== What you have to do ==
Print every record exactly, but leave out the pictures.

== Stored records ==
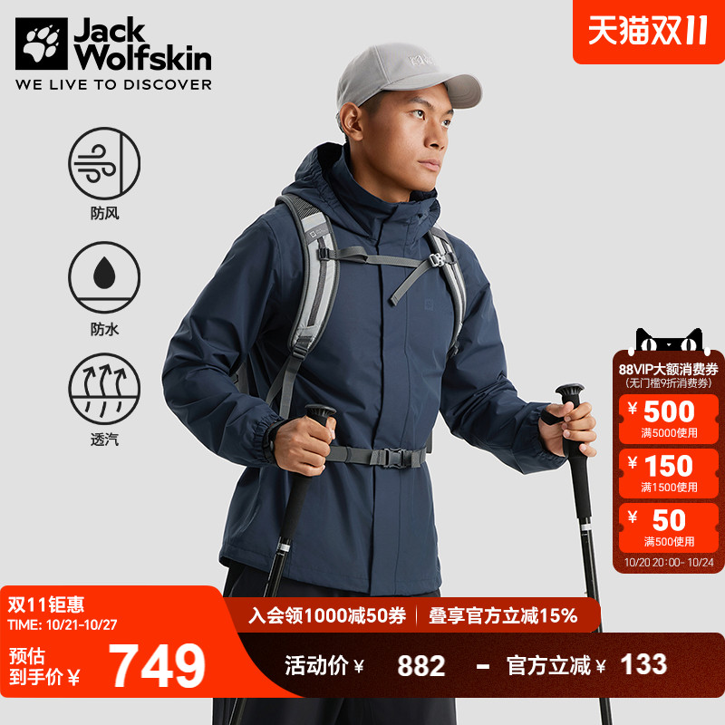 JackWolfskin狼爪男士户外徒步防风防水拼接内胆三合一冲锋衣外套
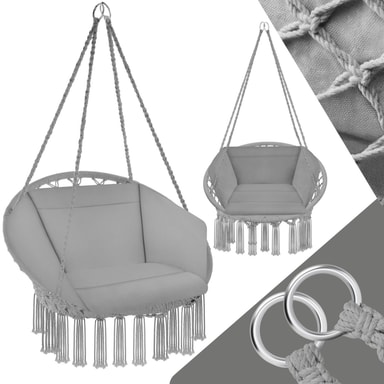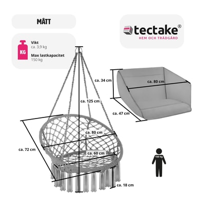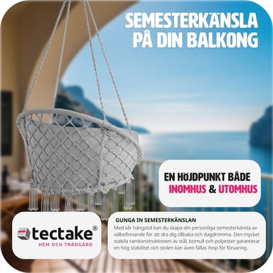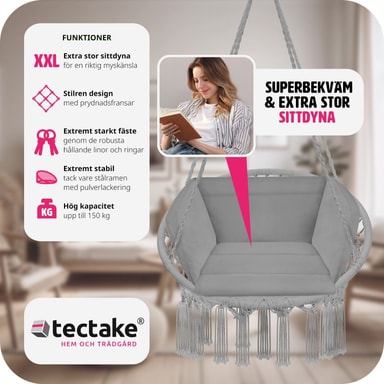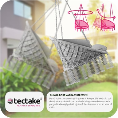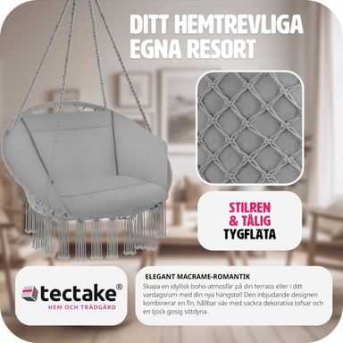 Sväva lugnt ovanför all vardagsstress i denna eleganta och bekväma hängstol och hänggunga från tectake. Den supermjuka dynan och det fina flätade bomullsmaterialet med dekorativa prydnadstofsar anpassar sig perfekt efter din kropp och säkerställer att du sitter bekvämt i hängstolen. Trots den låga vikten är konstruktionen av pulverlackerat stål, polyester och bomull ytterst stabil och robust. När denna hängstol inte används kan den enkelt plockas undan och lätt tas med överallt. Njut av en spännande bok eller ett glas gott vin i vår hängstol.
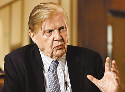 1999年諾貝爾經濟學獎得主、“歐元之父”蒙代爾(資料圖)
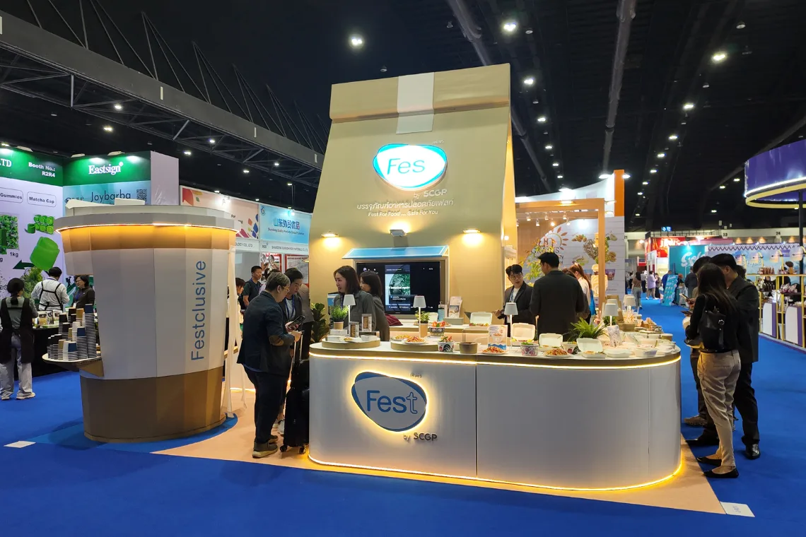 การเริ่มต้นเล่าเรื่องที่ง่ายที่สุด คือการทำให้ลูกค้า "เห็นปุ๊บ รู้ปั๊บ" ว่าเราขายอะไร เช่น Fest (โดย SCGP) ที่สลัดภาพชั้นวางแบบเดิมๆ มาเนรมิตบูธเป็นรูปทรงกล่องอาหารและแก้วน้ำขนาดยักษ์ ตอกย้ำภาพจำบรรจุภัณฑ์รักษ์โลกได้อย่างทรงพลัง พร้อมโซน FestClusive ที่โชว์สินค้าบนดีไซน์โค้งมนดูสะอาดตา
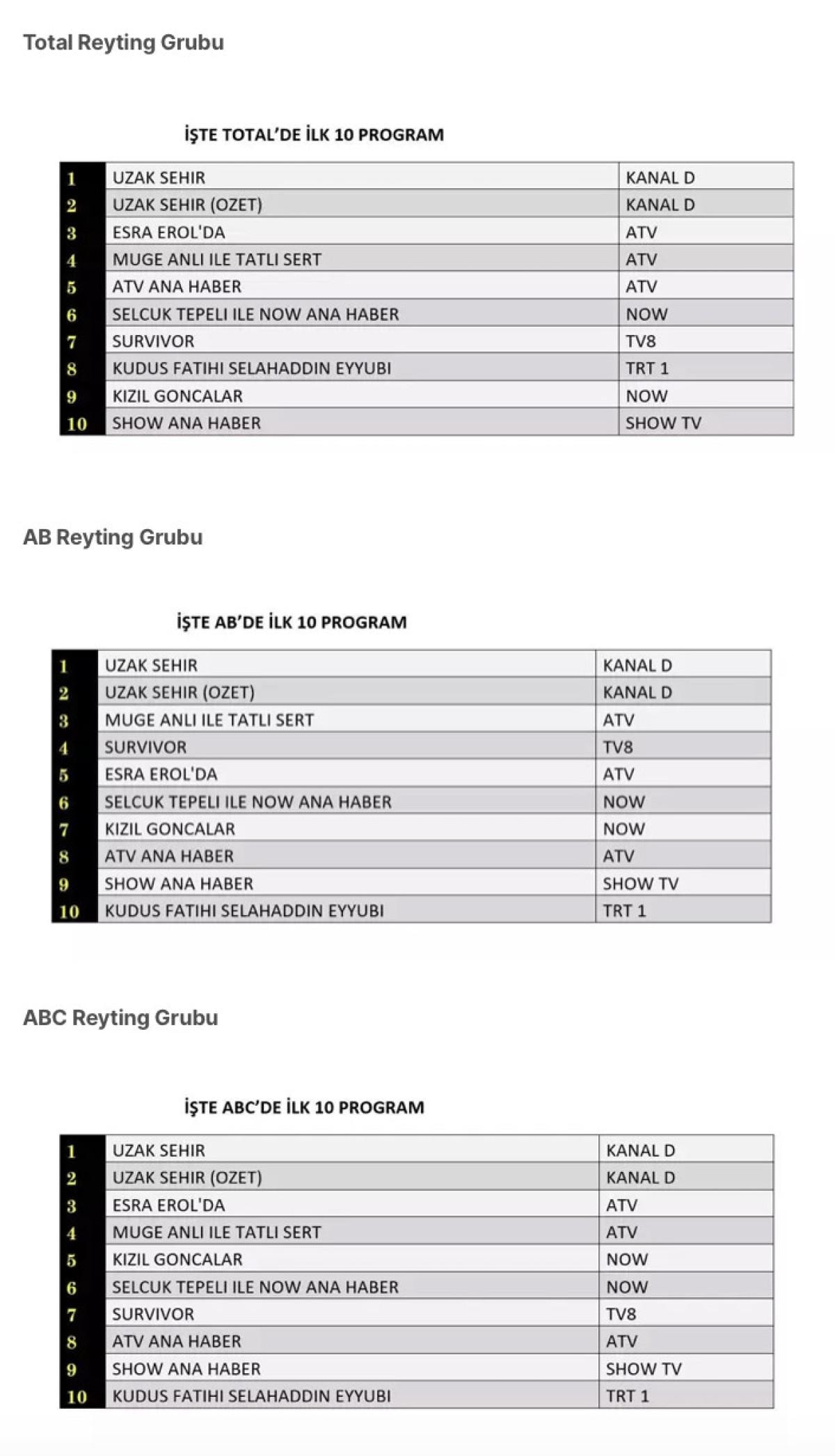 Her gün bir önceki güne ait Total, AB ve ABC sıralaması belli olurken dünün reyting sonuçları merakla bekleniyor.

== Reply ==
 JackWolfskin狼爪男士户外徒步防风防水拼接内胆三合一冲锋衣外套
 Sväva lugnt ovanför all vardagsstress i denna eleganta och bekväma hängstol och hänggunga från tectake. Den supermjuka dynan och det fina flätade bomullsmaterialet med dekorativa prydnadstofsar anpassar sig perfekt efter din kropp och säkerställer att du sitter bekvämt i hängstolen. Trots den låga vikten är konstruktionen av pulverlackerat stål, polyester och bomull ytterst stabil och robust. När denna hängstol inte används kan den enkelt plockas undan och lätt tas med överallt. Njut av en spännande bok eller ett glas gott vin i vår hängstol.
 1999年諾貝爾經濟學獎得主、“歐元之父”蒙代爾(資料圖)
 การเริ่มต้นเล่าเรื่องที่ง่ายที่สุด คือการทำให้ลูกค้า "เห็นปุ๊บ รู้ปั๊บ" ว่าเราขายอะไร เช่น Fest (โดย SCGP) ที่สลัดภาพชั้นวางแบบเดิมๆ มาเนรมิตบูธเป็นรูปทรงกล่องอาหารและแก้วน้ำขนาดยักษ์ ตอกย้ำภาพจำบรรจุภัณฑ์รักษ์โลกได้อย่างทรงพลัง พร้อมโซน FestClusive ที่โชว์สินค้าบนดีไซน์โค้งมนดูสะอาดตา
 Her gün bir önceki güne ait Total, AB ve ABC sıralaması belli olurken dünün reyting sonuçları merakla bekleniyor.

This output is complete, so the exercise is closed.